Step 2: Write the Static Resolver

The input type annotation declares every feature the resolver needs—including the has-many relationship projected down to the specific columns it uses.

Note that the primary key of the feature class must be in the both the input and output type annotations.

src/resolvers.py
from chalk import online, DataFrame
from chalk.features import _
import chalk.functions as F

from src.features import User, Transaction


@online(static=True)
def compute_transaction_stats(
    df: DataFrame[
        User.id,
        User.transactions[
            Transaction.id,
            Transaction.user_id,
            Transaction.amount,
        ],
    ],
) -> DataFrame[User.id, User.transaction_count, User.total_spend]:
    # Explode the has-many relationship into one row per transaction
    df_exploded = df.explode(str(User.transactions))

    # Lift the nested amount field into a top-level column
    txns = df_exploded.with_columns({
        "amount": _.transactions.amount,
    })

    # Aggregate per user
    stats = txns.agg(
        [str(User.id)],
        _.count().alias("txn_count"),
        _.amount.sum().alias("spend_total"),
    )

    # Join back to the original df so users with no transactions still appear
    return (
        df.join(stats, on=[str(User.id)], how="left")
        .with_columns({
            "user.transaction_count": F.coalesce(_.txn_count, 0),
            "user.total_spend": F.coalesce(_.spend_total, 0.0),
        })
        .select(str(User.id), "user.transaction_count", "user.total_spend")
    )

A few things worth noting:

  • df.explode(): Flattens the has-many list into individual rows—one per transaction.
  • with_columns: Lifts a field out of the nested struct into a plain top-level column so it can be used in expressions.
  • agg: Groups by user and computes the count and sum in one pass.
  • Join back to df: Ensures every user appears in the output. F.coalesce fills in 0 for users with no transactions.
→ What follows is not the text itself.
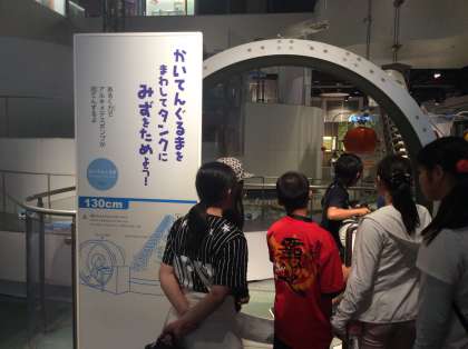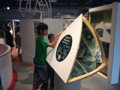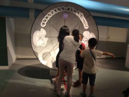 展示コーナーは科学の不思議がいっぱい。鏡の面白さ、音の反響、歩く力でポンプを回転させる不思議など。夢中になって遊んでいます。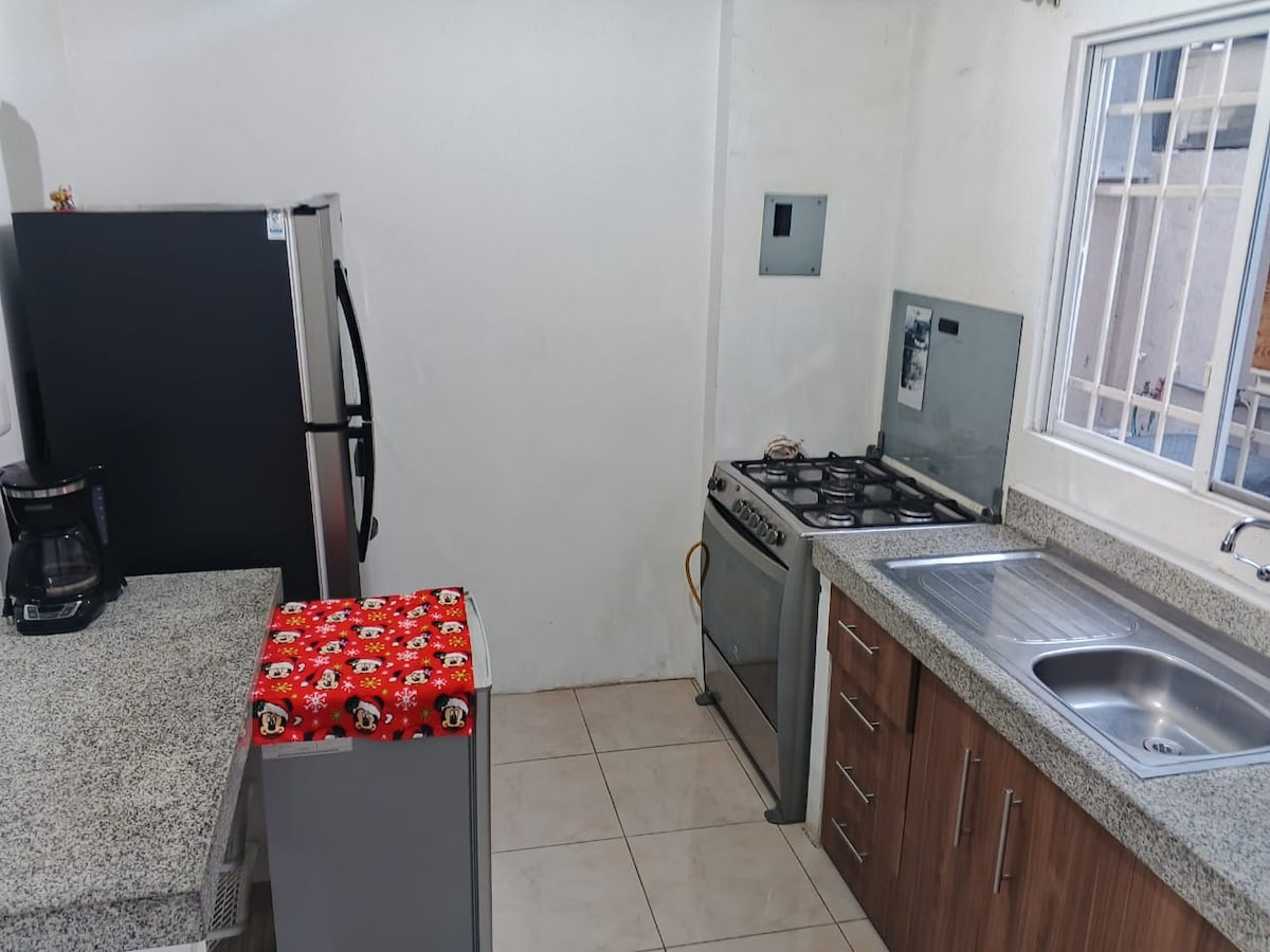 Cozy and spacious house. Where you can breathe a quiet atmosphere. If you come with family, it is ideal as it has a large backyard where children can run and play. 3 spacious rooms, one of which has its own bathroom, very bright and with ventilation. Fully enclosed, completely private from the neighbors' view. Fully furnished. Ideal for families of 4 or 5 members. We even have 2 extra beds if you are a group.

Step 3: Unit Test the Resolver

chalkdf ships a Testing class for asserting equality between DataFrames. Because static resolvers take and return plain DataFrame objects, you can test them directly—no network calls or running Chalk environment required.

tests/test_resolvers.py
from chalkdf import DataFrame, Testing

from src.resolvers import compute_transaction_stats


def test_compute_transaction_stats():
    transactions_data = [
        {"transaction.id": 1, "transaction.user_id": 1, "transaction.amount": 25.00},
        {"transaction.id": 2, "transaction.user_id": 1, "transaction.amount": 50.00},
        {"transaction.id": 3, "transaction.user_id": 1, "transaction.amount": 75.00},
    ]

    input_df = DataFrame({
        "user.id": [1],
        "user.transactions": [transactions_data],
    })

    result_df = compute_transaction_stats(input_df)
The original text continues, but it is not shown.